De baixo veio um fragor lúgubre. Os homens deviam ter conseguido fazer
avançar o caixote um bom trecho. Volvi de novo os olhos para baixo. O odioso
objeto entrara no halo de uma lâmpada. Era coberto de um verniz azul-escuro e
trazia uma porção de legendas e etiquetas. Para ver melhor, os moradores se
debruçavam por sobre o corrimão, em risco de precipitar-se. Ouviam-se vozes
confusas:
— E quando vai estourar? Ainda esta noite?
— Mário-o-o! Mário-o-o! Você o acordou, Mário?
— Gisa, você tem a bolsa de água quente?
— Meus filhos... meus filhos!
— Você lhe telefonou? Pois vá-lhe telefonar! Você verá que ele pode fazer
alguma coisa...
— É um absurdo, sim senhor, sermos somente nós...
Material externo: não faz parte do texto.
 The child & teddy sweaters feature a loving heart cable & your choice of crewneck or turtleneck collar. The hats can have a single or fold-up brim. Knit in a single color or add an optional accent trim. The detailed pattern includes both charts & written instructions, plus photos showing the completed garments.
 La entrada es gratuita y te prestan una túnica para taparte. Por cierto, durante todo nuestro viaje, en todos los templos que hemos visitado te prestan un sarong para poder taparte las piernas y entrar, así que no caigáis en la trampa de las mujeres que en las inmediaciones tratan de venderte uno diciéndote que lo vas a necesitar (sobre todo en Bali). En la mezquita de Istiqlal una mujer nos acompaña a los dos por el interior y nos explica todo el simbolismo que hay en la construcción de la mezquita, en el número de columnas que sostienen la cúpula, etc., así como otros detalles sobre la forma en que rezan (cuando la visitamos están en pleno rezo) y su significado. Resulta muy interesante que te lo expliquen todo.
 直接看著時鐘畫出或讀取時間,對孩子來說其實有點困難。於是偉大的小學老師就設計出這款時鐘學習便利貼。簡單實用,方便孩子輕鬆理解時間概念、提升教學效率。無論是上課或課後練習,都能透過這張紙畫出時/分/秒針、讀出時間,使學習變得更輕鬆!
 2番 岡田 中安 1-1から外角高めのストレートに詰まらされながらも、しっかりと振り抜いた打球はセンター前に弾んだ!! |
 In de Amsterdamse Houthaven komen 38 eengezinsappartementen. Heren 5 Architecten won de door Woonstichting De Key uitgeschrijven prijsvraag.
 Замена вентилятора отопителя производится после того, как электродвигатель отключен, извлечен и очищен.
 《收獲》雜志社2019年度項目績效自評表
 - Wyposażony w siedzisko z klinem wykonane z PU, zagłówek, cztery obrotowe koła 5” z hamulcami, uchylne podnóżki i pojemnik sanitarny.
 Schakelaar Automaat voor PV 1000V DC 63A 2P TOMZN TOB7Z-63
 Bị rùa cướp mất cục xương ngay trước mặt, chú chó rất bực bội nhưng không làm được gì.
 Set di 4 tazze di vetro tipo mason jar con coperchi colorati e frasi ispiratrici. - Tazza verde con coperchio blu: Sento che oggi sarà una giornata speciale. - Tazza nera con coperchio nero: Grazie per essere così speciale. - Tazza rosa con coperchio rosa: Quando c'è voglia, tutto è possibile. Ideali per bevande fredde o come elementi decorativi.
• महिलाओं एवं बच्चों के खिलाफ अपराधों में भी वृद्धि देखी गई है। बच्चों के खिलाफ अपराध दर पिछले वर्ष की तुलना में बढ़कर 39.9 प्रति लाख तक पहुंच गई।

— Quem lhe diz que somos apenas nós? Como pode sabê-lo?
— Beppe, Beppe, aperte-me, suplico-lhe, aperte-me!
Em seguida, preces, ave-marias, ladainhas. Uma mocinha segurava na mão
uma vela de cera apagada.
Mas, repentinamente, lá de baixo uma notícia começou a serpear escada
acima. Notei-o pela troca excitada de vozes que vinham subindo. Uma notícia
boa, a concluir pelo tom mais vivo que o aspecto de todos assumira de súbito.
— Que é que há? — perguntavam, impacientes, vozes dos andares de cima.
Afinal, em fragmentos, um eco chegou até nós outros, os do sexto andar.
— Tem um endereço e um nome — diziam.
— Um nome?
— Sim. o nome de quem deve receber a atômica...
— É pessoal, compreendeu? Não é para o edifício todo, não senhor; é para
uma pessoa só.
Pareciam enlouquecidos, riam, abraçavam-se e beijavam-se.
Mas surgiu uma dúvida, e o entusiasmo arrefeceu. Cada um pensou em si,
ouviram-se diálogos aflitos, a escada era toda um só vozerio frenético.
— Qual é o nome?
— Ainda não conseguiram lê-lo...
— Mas sim, dá para ler... é um nome estrangeiro...
Todos pensamos no Dr. Stratz, o dentista da sobreloja.
— Não, não... é italiano...
— Como é? Como é?
— Começa por T...
— Não... não... por B, como Bérgamo...
— E depois? Qual é a segunda letra? U? Você disse u, de Udine?
As pessoas fitavam-me. Raramente vi rostos humanos transtornados por uma
felicidade tão selvagem. Um deles não soube resistir e soltou uma gargalhada
que terminou numa tosse cavernosa. Era o velho Mercalli, aquele dos leilões de
tapetes. Compreendi. O caixote com o inferno dentro era para mim, um presente
individual, só para mim. E os outros estavam salvos.
Que é que se havia de fazer? Retirei-me em direção à porta. Os demais
moradores me observavam! Com que alegria me observavam! Embaixo, os
estertores do caixote, que faziam subir aos poucos pela escada, misturavam-se
aos acordes inesperados de uma sanfona. Estavam tocando La Vie en Rose.